I've reproduced this on Nightly & Beta with Fresh profiles for approx the last 5 minutes.

It correctly detects if I enter the wrong password.

Response from the server is:

{"code":401,"errno":110,"error":"Unauthorized","message":"Invalid authentication token in request signature","info":"https://github.com/mozilla/fxa-auth-server/blob/master/docs/api.md#response-format"}
Moved comment 29 out to bug 1092090 as its an issue with signing into the FxA not Loop.
(In reply to Mark Banner (:standard8) from comment #30)
> Moved comment 29 out to bug 1092090 as its an issue with signing into the
> FxA not Loop.

I think you meant Bug 1092080.
Hi Borja,  are you still seeing this after the fix that landed on 10/31 for FxA?  I haven't seen us reproduce this and couldn't reproduce with a new account creation or sign-in/sign-out.

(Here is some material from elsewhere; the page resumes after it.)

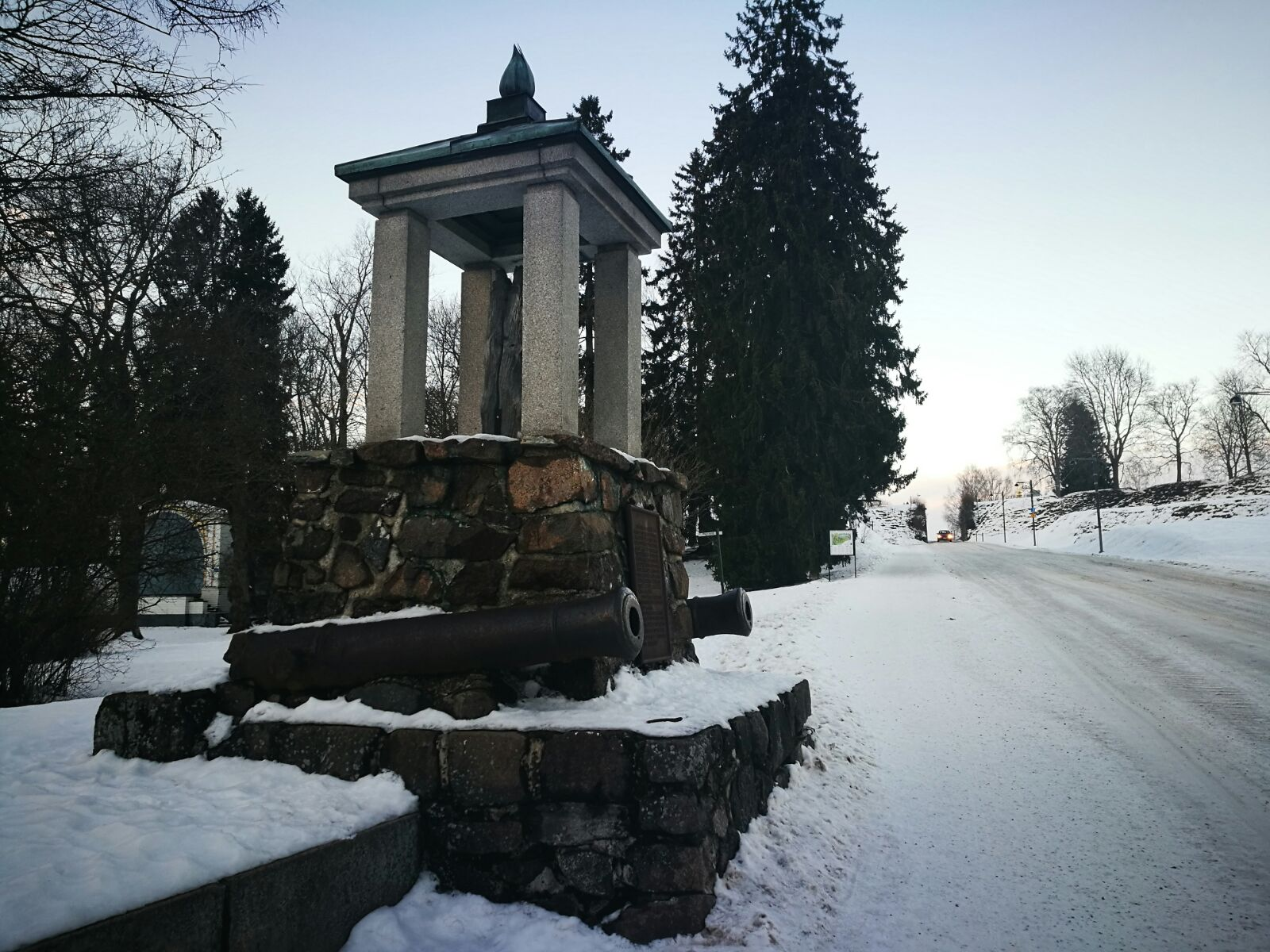 Lappeenrannan taistelun muistomerkki

If you can't repro anymore - are we good to close?
Flags: needinfo?(borja.bugzilla)
(In reply to sescalante from comment #32)
> Hi Borja,  are you still seeing this after the fix that landed on 10/31 for
> FxA?  I haven't seen us reproduce this and couldn't reproduce with a new
> account creation or sign-in/sign-out.
> 
> If you can't repro anymore - are we good to close?

I am not reproducing it lately but I would like QA team can confirm it.
Massimo, Javier, please can you check it? it seems to be the same issue reported in bug 1083817. 
(https://bugzilla.mozilla.org/show_bug.cgi?id=1083817#c10)
Thanks a lot!
Flags: needinfo?(mbarone976)
Flags: needinfo?(javier.deprado)
(In reply to sescalante from comment #32)
> Hi Borja,  are you still seeing this after the fix that landed on 10/31 for
> FxA?  I haven't seen us reproduce this and couldn't reproduce with a new
> account creation or sign-in/sign-out.
> 
> If you can't repro anymore - are we good to close?

sescalante (or someone else) can you tell me what "fix landed on 10/31"? We are seeing this in a specific situation on a 2.0 build, and we'd like to know what you think fixed it. Thanks!
Flags: needinfo?(sescalante)
we thought it was a server side fix that resolved the 401 error.  Bug 1092080 - Can't sign into Firefox Accounts - Invalid Token
Flags: needinfo?(sescalante)
Bug 1092080 was a service disruption related to a bad deploy. I suspect it was unrelated to this ongoing and unresolved issue.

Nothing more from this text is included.